Un amigo extraordinario

El pato Pierre

CUANDO la tía Marcela empeoró de salud, tía abuela Sandra nos pidió que cuidáramos de su pato Pierre por algunos días para que le pudiera dedicar más tiempo a mi tía, pero al final, el animal se terminó quedando tiempo completo en nuestra casa.

Desde un principio, mi abuela no quería tener nada que ver con él, pero como mi abuelo es tan consentidor con tía Marcela y le partió el corazón verla tan mal, aceptó la petición de mi tía abuela Sandra antes de que mi abuela pudiera decir algo.

–¿Otro animal, Alejandro? Dime de dónde vamos a sacar el suficiente dinero para mantener a todos estos animales y dos niños, además, ¿sabes qué es lo que come un pato?

–No tengo idea, mujer, pero me imagino que no ha de ser tan difícil…

–¡Sí, claro! –Dijo mi abuela sarcásticamente.

–¡Oh, vamos! No nos cuesta nada echarles una mano a tus hermanas. Tan sólo hay que darle de comer al pato y un buen lugar para que pueda estar a gusto.

–¡Dios, Alejandro! ¡Necesita agua y un tanque, nosotros no tenemos eso!  

–Bueno, ¿y qué hay de la piscina inflable?

–¿De qué estás hablando, Alejandro?

–De la que le compramos a Miguelito, pero que nunca utilizó.

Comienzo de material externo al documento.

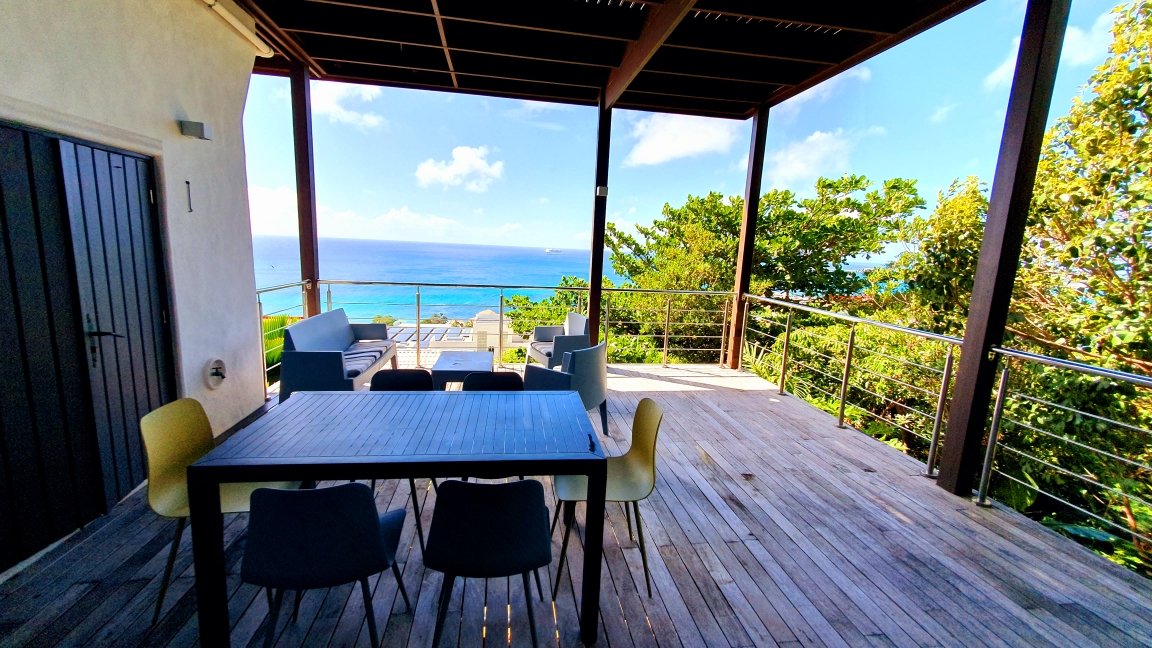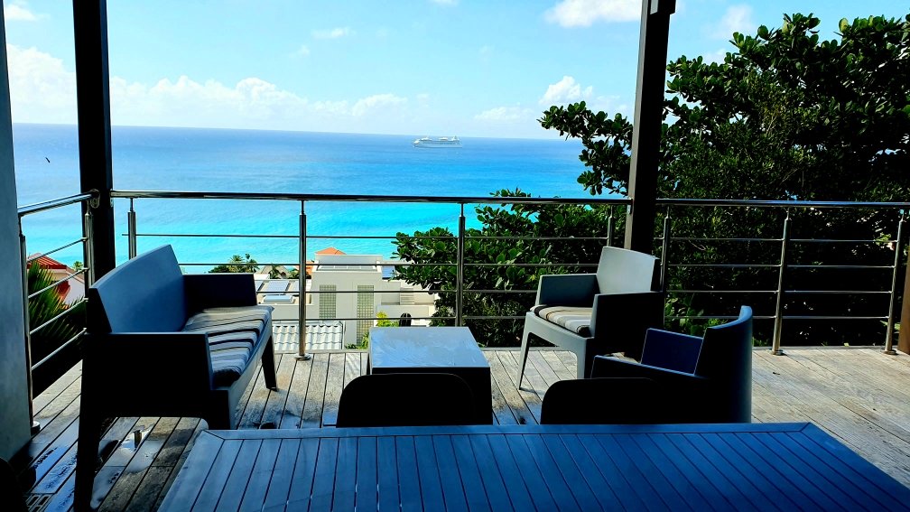 Perched atop the best residential area on the island, this residence offers a 180-degree panoramic view of Pelican Key residences and the mesmerizing turquoise Caribbean Sea. Located a mere 600 meters from the beach, the property enjoys a prime position just 15 minutes from the airport and 20 minutes from both Philipsburg, the Dutch side capital, and Marigot, the French side capital. Revel in the luxury of an ocean view, complemented by a charming patio, convenient parking for one vehicle with a paved driveway, 110V electricity, a split air conditioner, and the ease of a fully furnished space. This apartment is a harmonious blend of comfort and style in an idyllic island setting.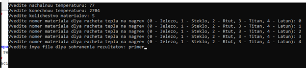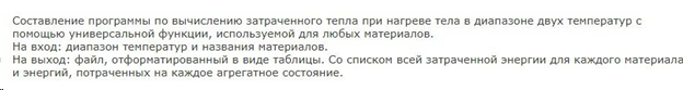 Теплоемкость - Составление программы по вычислению затраченного тепла при нагреве тела в диапазоне двух температур с помощью универсальной функции, используемой для любых материалов. На вход: диапазон температур и названия материалов. На выход: файл, отфо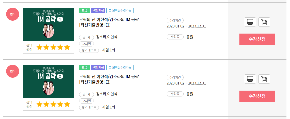 두 번째 추천할 오픽 무료 인강은 <오픽의 신 이현석/김소라의 IM 공략>입니다.

–Está bien–suspiró mi abuela–, sólo porque es mi hermana y porque tú me lo pides vamos a conservar al pato.

–Gracias, Conchita.

 Me gustaba tener a Pierre en la casa pues me divertía mucho dándole su lechuga y viéndolo caminar con sus dos patitas cortas alrededor del patio. Aunque creíamos que Steve lo iba a convertir en pato ahumado, lo trató sorprendentemente bien, tanto, que parecía como si se hubieran vuelto mejores amigos.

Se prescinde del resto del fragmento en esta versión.